The serological test was carried out at the National Veterinary Institute (NVI), Debre Zeit, Ethiopia using Direct Agglutination Test (DAT). This test kit detects toxoplasma antibodies and is produced by BioMerieux, France. IgM-mediated agglutination is suppressed by using a diluting buffer containing 2-mercaptoethanol. The assay was supplied as a kit containing 4 ml of a suspension of treated with formalin and obtained from mouse ascitic fluid, 16 ml of diluent (BABScolour buffer), 1 ml of concentrated 2-mercaptoethanol which was diluted to give a 0-2 mol/l solution, lyophilised positive and negative control sera (each to be diluted to 1 ml) and powdered phosphate buffered saline (PBS) to be diluted to one liter. Four microtitration plates, four self-adhesive plate covering sheets and four report sheets were also included in the kit. A serum sample showing agglutination reaction manifested by precipitation with irregular edges at the butt of the well at 1:40 titer was considered positive following the manufacturer’s recommendation.

Data Analysis

For quantification of toxoplasmosis proportion was used for all animals. Univariate logistic regression was employed for data obtained from sheep to analyze the association of selected risk factor with the occurrence of Toxoplasmosis.

Results

The result is presented as proportion instead of prevalence since few sera were tested. Although the sample size and sampling strategy was conducted following relevant statistical methods it was not possible to make an inference to the study population because of small number sample size.

Overall proportion (‘prevalence’)

Anti-toxoplasma antibody titer ranging from 1:40 to 1:4000 was detected in sheep, goats and chicken serums examined for antitoxoplasma antibodies using DAT. An overall seroconversion rate of 47.91% was observed in the tested sample and of this 48.75%, 75% and 12.5% were found in sheep, goats and chickens, respectively (Table 1). Of the 39 positive sheep serum sample, 16 (20%) were positive only at 1/40 and the remaining 23 (28.75%) were positive both at dilution of 1/40 and a greater or equal to 1/4000. The corresponding number of goat sera were 1 (12.5%) and 5 (62.5%). From chicken only one bird was found positive and the serum sample was positive at 1:40 and 1:4000 dilutions.

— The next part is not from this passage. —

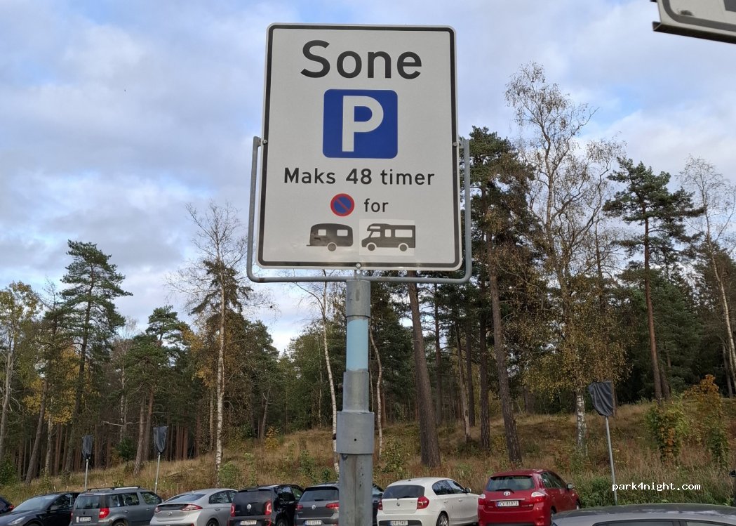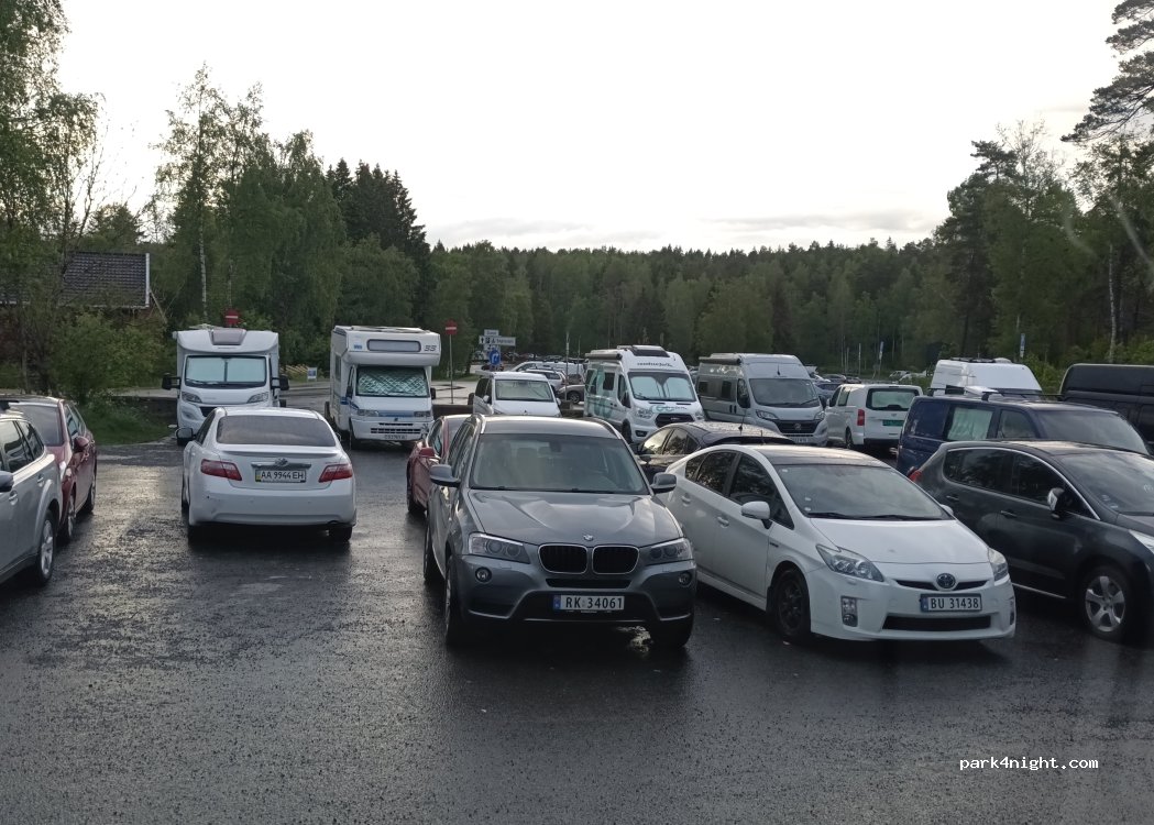 Huge parking, but campers allowed only in a small part, which gets full quite quickly. Great for Oslo visit, T-Bane line 5 starts right next to the parking lot. Beautiful swimming lake with short hiking options and firepits is just 1 minute away. Super popular with locals.

Animals Number tested Number positive Proportion (%)
Sheep 80 39 48.75
Goats 8 6 75
Chickens 8 1 12.5
Total 96 46 47.91

Table 1: Occurrence of T. gondii using DAT in selected domestic animal.

selected risk factors (Table 2). A progressive increase in the rate of occurrence of toxoplasmosis with age was noticed. The age specific proportion was 41.7% at 1-3 years old and 59.37% for more than 3 years old indicating the occurrence was high in older ages. The sex specific occurrence was high in females or ewes (49.2%) compared to males or rams (46.6%). A very high occurrence was observed (83.3%) in ewes with abortion, neonatal mortality, or weak birth (ANW) compared to ewes not having these problems (42.64%). A result opposite to our hypothesis was observed regarding toxoplasmosis occurrence in sheep in the absence and presence of the definitive host, cat. The occurrence was high (52.63%) in the absence of cat in comparison to their presence (39.13%) (Table 2). However, these differences in occurrence of toxoplasmosis by different risk factors were not found to be statistically significant in univariate logistic regression (p>0.05).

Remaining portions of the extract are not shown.